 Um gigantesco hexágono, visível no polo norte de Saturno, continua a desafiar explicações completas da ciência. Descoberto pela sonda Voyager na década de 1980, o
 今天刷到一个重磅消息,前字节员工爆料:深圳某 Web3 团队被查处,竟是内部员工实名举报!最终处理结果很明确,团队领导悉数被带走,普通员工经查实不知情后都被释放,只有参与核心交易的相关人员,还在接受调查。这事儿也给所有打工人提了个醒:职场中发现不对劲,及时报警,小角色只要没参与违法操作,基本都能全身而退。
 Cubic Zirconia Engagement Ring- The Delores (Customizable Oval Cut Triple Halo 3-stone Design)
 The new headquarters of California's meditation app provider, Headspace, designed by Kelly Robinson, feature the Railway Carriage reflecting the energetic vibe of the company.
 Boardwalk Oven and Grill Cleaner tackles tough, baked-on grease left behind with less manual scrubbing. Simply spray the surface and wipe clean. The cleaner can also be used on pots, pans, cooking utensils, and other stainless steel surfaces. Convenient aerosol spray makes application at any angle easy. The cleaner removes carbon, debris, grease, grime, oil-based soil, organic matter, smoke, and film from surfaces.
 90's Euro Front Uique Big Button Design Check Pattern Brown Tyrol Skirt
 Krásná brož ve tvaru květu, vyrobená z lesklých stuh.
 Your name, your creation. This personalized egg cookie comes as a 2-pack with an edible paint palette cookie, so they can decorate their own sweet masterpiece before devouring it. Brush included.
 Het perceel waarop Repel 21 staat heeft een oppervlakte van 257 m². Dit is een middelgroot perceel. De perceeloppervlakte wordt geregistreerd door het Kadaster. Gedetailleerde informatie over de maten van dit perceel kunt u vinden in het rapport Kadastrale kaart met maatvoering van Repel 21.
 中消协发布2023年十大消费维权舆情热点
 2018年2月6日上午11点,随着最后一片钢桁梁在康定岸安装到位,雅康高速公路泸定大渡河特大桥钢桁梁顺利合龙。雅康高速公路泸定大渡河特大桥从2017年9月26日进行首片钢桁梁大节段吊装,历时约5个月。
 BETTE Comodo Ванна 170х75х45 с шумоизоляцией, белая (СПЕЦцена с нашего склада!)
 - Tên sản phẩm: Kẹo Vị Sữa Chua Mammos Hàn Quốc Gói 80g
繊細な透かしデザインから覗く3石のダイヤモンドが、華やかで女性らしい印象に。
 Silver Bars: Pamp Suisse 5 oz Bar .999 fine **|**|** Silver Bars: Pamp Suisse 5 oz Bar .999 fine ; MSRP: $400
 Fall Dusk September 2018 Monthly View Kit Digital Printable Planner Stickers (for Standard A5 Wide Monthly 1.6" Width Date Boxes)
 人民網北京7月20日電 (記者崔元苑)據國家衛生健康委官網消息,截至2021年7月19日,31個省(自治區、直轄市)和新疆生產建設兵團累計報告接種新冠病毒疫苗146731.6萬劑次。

★ ★ ★

# [WHAT IS EXPECTED]
Your task is to reproduce the entire listing exactly as it appears.

# [RESULT OF THE TASK]
 Um gigantesco hexágono, visível no polo norte de Saturno, continua a desafiar explicações completas da ciência. Descoberto pela sonda Voyager na década de 1980, o
 今天刷到一个重磅消息,前字节员工爆料:深圳某 Web3 团队被查处,竟是内部员工实名举报!最终处理结果很明确,团队领导悉数被带走,普通员工经查实不知情后都被释放,只有参与核心交易的相关人员,还在接受调查。这事儿也给所有打工人提了个醒:职场中发现不对劲,及时报警,小角色只要没参与违法操作,基本都能全身而退。
 Cubic Zirconia Engagement Ring- The Delores (Customizable Oval Cut Triple Halo 3-stone Design)
 The new headquarters of California's meditation app provider, Headspace, designed by Kelly Robinson, feature the Railway Carriage reflecting the energetic vibe of the company.
 Boardwalk Oven and Grill Cleaner tackles tough, baked-on grease left behind with less manual scrubbing. Simply spray the surface and wipe clean. The cleaner can also be used on pots, pans, cooking utensils, and other stainless steel surfaces. Convenient aerosol spray makes application at any angle easy. The cleaner removes carbon, debris, grease, grime, oil-based soil, organic matter, smoke, and film from surfaces.
 90's Euro Front Uique Big Button Design Check Pattern Brown Tyrol Skirt
 Krásná brož ve tvaru květu, vyrobená z lesklých stuh.
 Your name, your creation. This personalized egg cookie comes as a 2-pack with an edible paint palette cookie, so they can decorate their own sweet masterpiece before devouring it. Brush included.
 Het perceel waarop Repel 21 staat heeft een oppervlakte van 257 m². Dit is een middelgroot perceel. De perceeloppervlakte wordt geregistreerd door het Kadaster. Gedetailleerde informatie over de maten van dit perceel kunt u vinden in het rapport Kadastrale kaart met maatvoering van Repel 21.
 中消协发布2023年十大消费维权舆情热点
 2018年2月6日上午11点,随着最后一片钢桁梁在康定岸安装到位,雅康高速公路泸定大渡河特大桥钢桁梁顺利合龙。雅康高速公路泸定大渡河特大桥从2017年9月26日进行首片钢桁梁大节段吊装,历时约5个月。
 BETTE Comodo Ванна 170х75х45 с шумоизоляцией, белая (СПЕЦцена с нашего склада!)
 - Tên sản phẩm: Kẹo Vị Sữa Chua Mammos Hàn Quốc Gói 80g
繊細な透かしデザインから覗く3石のダイヤモンドが、華やかで女性らしい印象に。
 Silver Bars: Pamp Suisse 5 oz Bar .999 fine **|**|** Silver Bars: Pamp Suisse 5 oz Bar .999 fine ; MSRP: $400
 Fall Dusk September 2018 Monthly View Kit Digital Printable Planner Stickers (for Standard A5 Wide Monthly 1.6" Width Date Boxes)
 人民網北京7月20日電 (記者崔元苑)據國家衛生健康委官網消息,截至2021年7月19日,31個省(自治區、直轄市)和新疆生產建設兵團累計報告接種新冠病毒疫苗146731.6萬劑次。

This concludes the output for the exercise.